Make pipeline version per Organism #3534

fhennig · 2025-01-16T10:34:22Z

resolves #1728

preview URL: https://pipeline-v-per-organism.loculus.org

Summary

The current_processing_pipeline table now has a new column: organism. We now store the current pipeline for each organism.

TODO: How does this affect users? Cornelius said there was previously a constraint to have to use the same version in the values.yaml for all organisms, does that still need to be removed?

Implementation notes

Before this change, we stored "V1" in this table (current_processing_pipeline) - that was simple and could be done without knowing the user configuration.
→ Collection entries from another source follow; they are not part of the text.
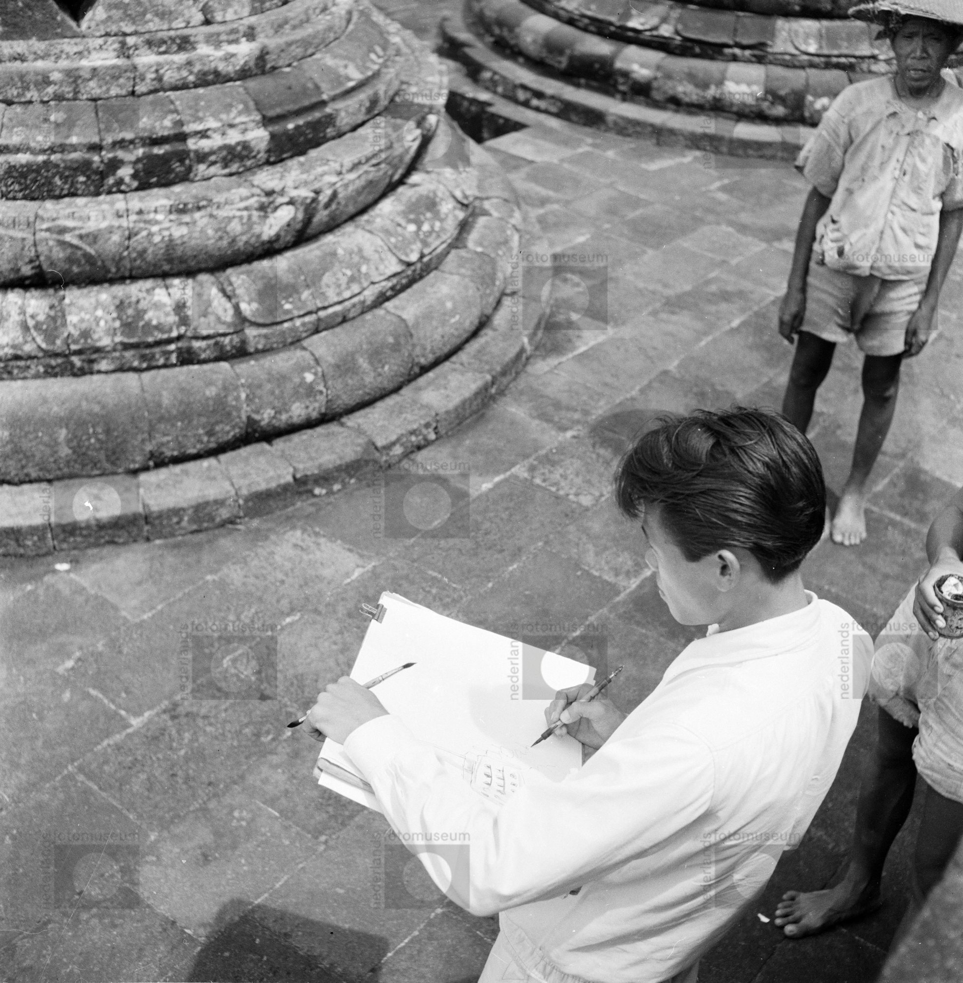 Beeldend kunstenaar E. Kerton uit Yogyakarta zit te ...
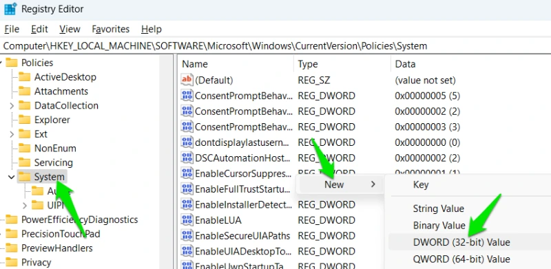 HKEY_LOCAL_MACHINE\SOFTWARE\Microsoft\Windows\CurrentVersion\Policies\System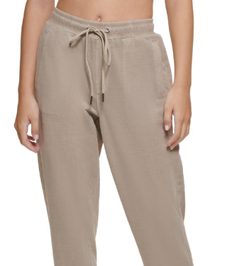 Calvin Klein Women's Garment Dye Smocked Waist Joggers Brown Size Medium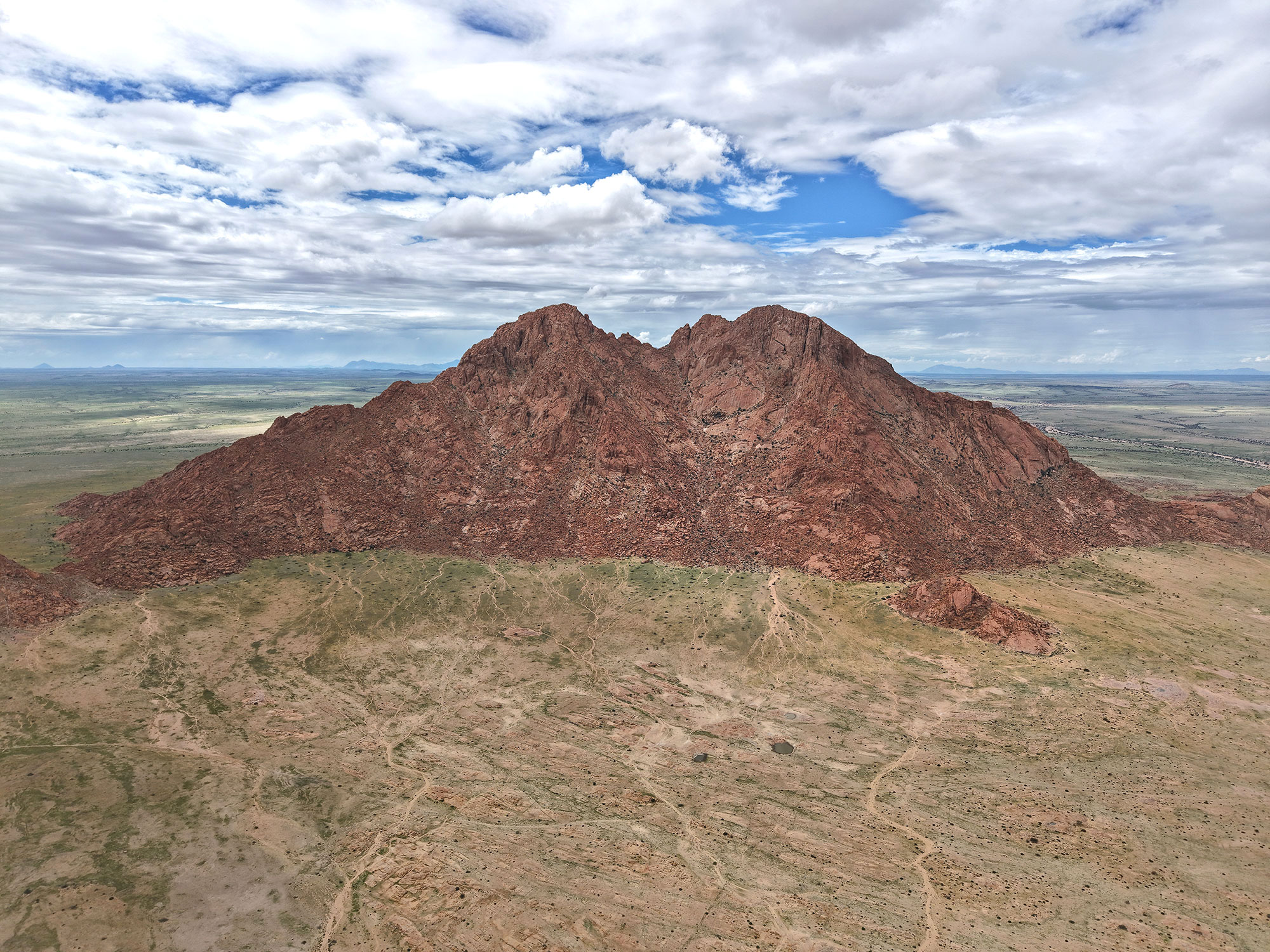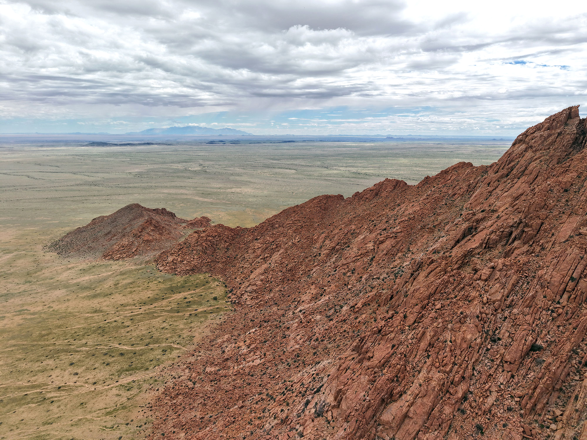 Granite peaks of the Kleine Spitzkoppe rising from the flat, arid desert plain. Spirifer Minerals photo.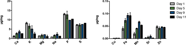Lowered potassium levels, for example, can lead to hypokalemia, effecting muscle function. Hypokalemia has serious consequences on human health via its association with a higher risk of atrial fibrillation and cardiac arrest, common heart problems in elderly [38]. Phosphorus is needed for maintenance and repair of all tissues and cells, as well as production of DNA and RNA. It also facilitates use of other minerals and vitamins, including vitamin D, iodine and zinc. Future experiments will be required to learn whether a decrease in these elements have deleterious consequences in C. elegans.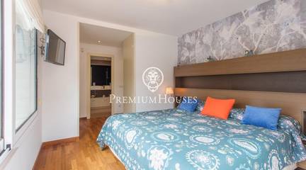 Built on plot of 640 m, with garden and swimming pool. In the underground floor, there is a garage of 125 m, with capacity for 4 cars with laundry area and storage room. On the ground floor, we enjoy the living-dining room of 40 m with fireplace and access to the porch, garden and swimming pool. The kitchen, office, with central island, enjoys views of the garden and swimming pool. On the ground floor there is a bedroom suite and a guest toilet. On the upper floor, master suite with bathroom, dressing room and access to terrace, two bedrooms with full bathroom, multipurpose open area for office or games area. There is a lift from the garage. The house is located in a very quiet area one minute from the golf course and 5 minutes from the town centre. Unbeatable views.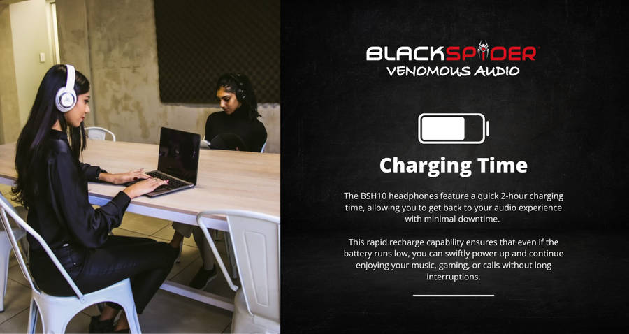 Each pair of headphones comes with a USB charging cable and a 3.5mm audio cable for wired listening.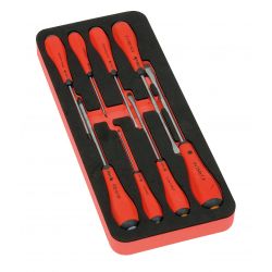 Dans module mousse bicolore 385 x 165 mm. Chaque outil a une place définie. Les outils manquants se repèrent en quelques secondes grâce au fond rouge. Mousse bi-colore haute densité, ne casse pas, ne retient pas l'humidité et résiste aux produits de l'atelier.

Some of the additional complexity in this PR arises from having to configure a version for the CurrentPipelineVersion for each organism (and also i.e. having to reset this in the tests).

Future work could either include making entries in the table optional, and only filling it as soon as the first sequence for an organism is submitted, or maybe introducing a mechanism to register pipeline versions via API. I opted against making any of these changes to keep the PR small and not change too much of how things are currently functioning.

Testing

Exisiting tests were updated
A backend test was added to check that if one pipeline version updates for one organism, another organisms pipeline version is not changed.
A backend test was added to check that if the initialization runs again, we don't insert v1 rows for organisms that are already in the table.

Docs

Document pipeline version concept better. Relevant link: https://github.com/loculus-project/loculus/blob/main/preprocessing/specification.md#reprocessing

Screenshot

backend change - n/a

PR Checklist

All necessary documentation has been adapted.
The implemented feature is covered by an appropriate test.

fengelniederhammer · 2025-01-16T10:39:59Z

Wow, the pipeline version in the backend is not per organism? But in the values.yml it's per organism, isn't it?

fhennig · 2025-01-16T11:54:58Z

What do you mean? The pipeline version is internal, so it doesn't appear in the values.yaml if I'm not mistaken.

chaoran-chen · 2025-01-16T11:57:30Z

The pipeline version also occurs in the Values.yaml because it's also used to deploy the pipelines.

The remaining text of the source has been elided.